§ **Description of the task**
Return exactly the span that opens with the line containing "W czasie zebrania OSP Pomiany" and closes with the final line of the records, both included.

§ **Data records**
- Opening Delimiter -
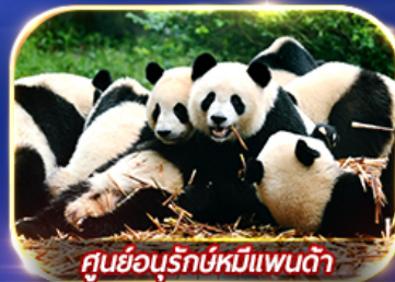
ศูนย์อนุรักษ์หมีแพนด้า
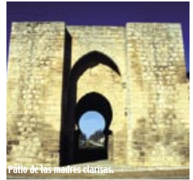
Patio de las madres clarisas.
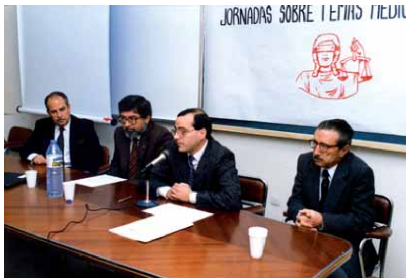
Fig. 2. Jornadas sobre temas médico-jurídicos. Marzo de 1987.
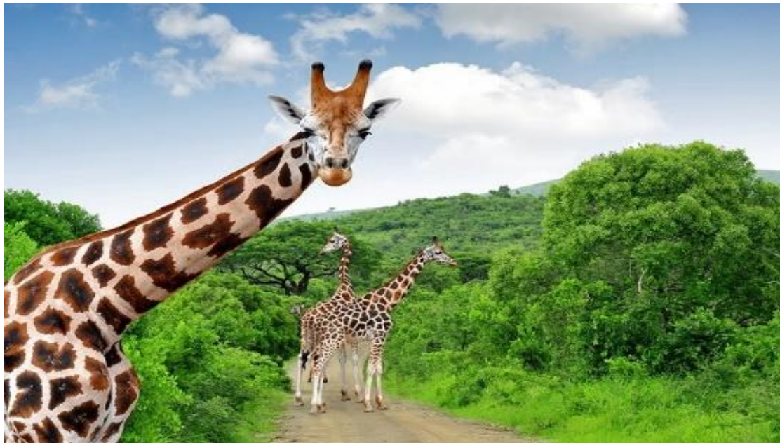
حیوانات پارک ملی کروگر

پارک ملی کروگر به دلیل کمیت و تنوع استثنایی حیات وحش قابل توجه می باشد. این پارک ۱۱۴ گونه مختلف خزنده را در خود جای داده است. بیش از ۵۰۰ گونه پرنده و ۱۴۷ پستاندار از جمله شیر، پلنگ، بوفالو، فیل و کرگدن. از گونه های دیگر می توان به گورخر، زرافه ، ایمپالا، یوزپلنگ و اسب آبی اشاره کرد. این پارک همچنین یکی از آخرین پناهگاه های گونه های در معرض خطر از جمله کرگدن سیاه و سگ وحشی آفریقایی است.
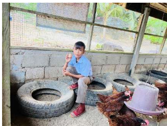
ภาพที่ ๕ เก็บไข่ไก่ เพื่อนำจำหน่ายที่สหกรณ์โรงเรียน
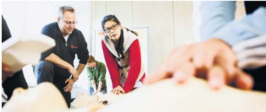
Herz-Druckmassage und Beatmung: Die Erste-Hilfe-Kenntnisse sollten regelmäßig aufgefrischt werden.
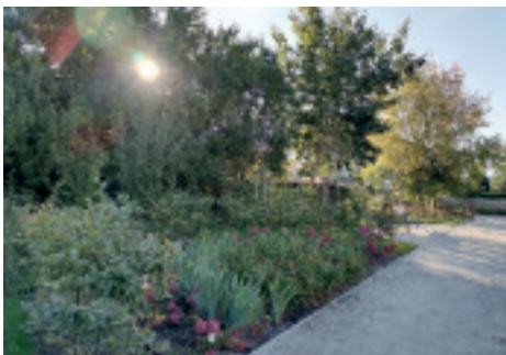
Stacja „Kieszonka”

W 2022 r. z najcenniejszych drzew w Gdyni zostało utworzonych 68 nowych pomników przyrody, a w 2023 r. kolejne 8. Łącznie ochroną pomnikową zostało objęte 76 drzewa.
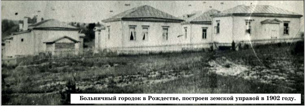
Больничный городок в Рождестве, построен земской управой в 1902 году.
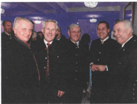
Politisches Halali: Hundstorfer links, Strache & Schützenhöfer rechts

Der größte Charity-Ball der Stadt ist ... der Life-Ball findet heuer nicht statt, und deshalb ist es ... der Jägerball! Den hat der Verein „Grünes Kreuz“ dieses Jahr zum 95. Mal veranstaltet. Da wurden der Hofburg zumindest ein wenig andere Traditionen gezeigt als eine Woche später beim Akademikerball. Der Eintritt machte 130 Euro, ein Sitzplatz dazu um die 60. Der Erlös geht traditionell an in Not geratene Jäger. Unter den 6600 Gästen war bei
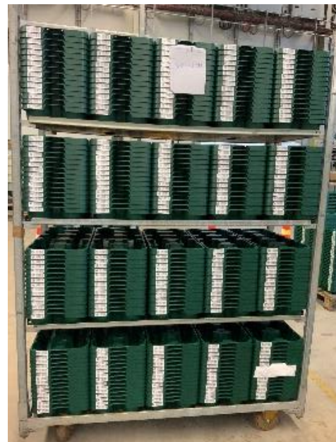
EPT 400 auf dem CC Container mit Brettern Eine zusätzliche Ladungssicherung ist nicht zwingend notwendig
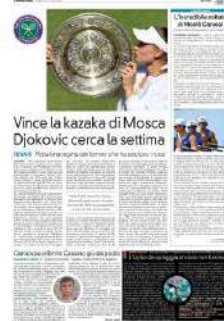
Vince la kazaka di Mosca Djokovic cerca la settima

Data: 10.07.2022 Pag.: 39 Size: 156 cm2 AVE: € 2964.00 Tiratura: Diffusione: 28000 Lettori:
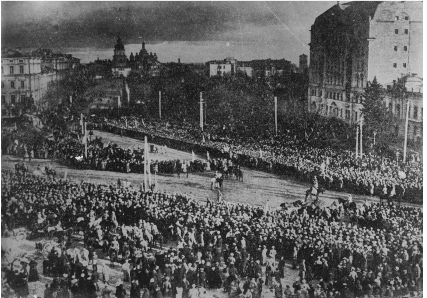
Проголошення Акта Злуки українських земель на Софійській площі в Києві. 22 січня 1919 року
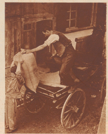
Ein junger Bauer hat im Herberweg zwei Sacke Korn zum Mahlen gebracht.

In einem kühlen Grunde, da geht ein Mühlerrad ... Ist es zu glauben und soll man's auf die leichte Achsel nehmen, daß dieser Lied oder vielmehr ein Gegenstand nun bald einer gänzlich verschwundenen Zeit angehört? 311 Handmühlen haben wir heute noch in der Schweiz, vor etwa 40 Jahren waren es deren 2420. In 40 Jahren sind nicht nur 2000 Mühlen verschwunden. Jedermann kann Beispiele aufzählen. Innerhalb dieser 311 übriggebliebenen Mühlen aber sind 90 ganz große, ohne Mühlrad, aber mit Motoren und allen neusten technischen Erfindungen. Diese Großmühlen vermehren den Löwenanteil (90%) des schweizerischen Brotes. Den restlichen 220 Mühlen droht ebenfalls der Untergang. An diesem fortschreitenden Niedergang schweizerischer Kleinmühlen sind:
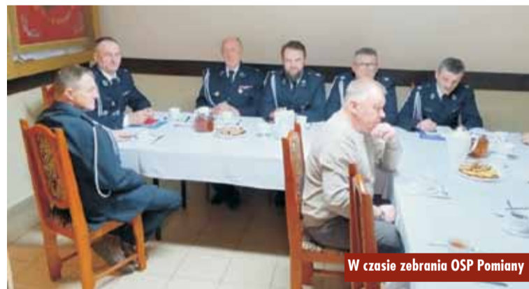
W czasie zebrania OSP Pomiany

Gmina Trzcinnica zawarła umowę z samorządem wojewódzkim na dofinansowanie infrastruktury sportowej
- Closing Delimiter -
§ **Answer box**
W czasie zebrania OSP Pomiany

Gmina Trzcinnica zawarła umowę z samorządem wojewódzkim na dofinansowanie infrastruktury sportowej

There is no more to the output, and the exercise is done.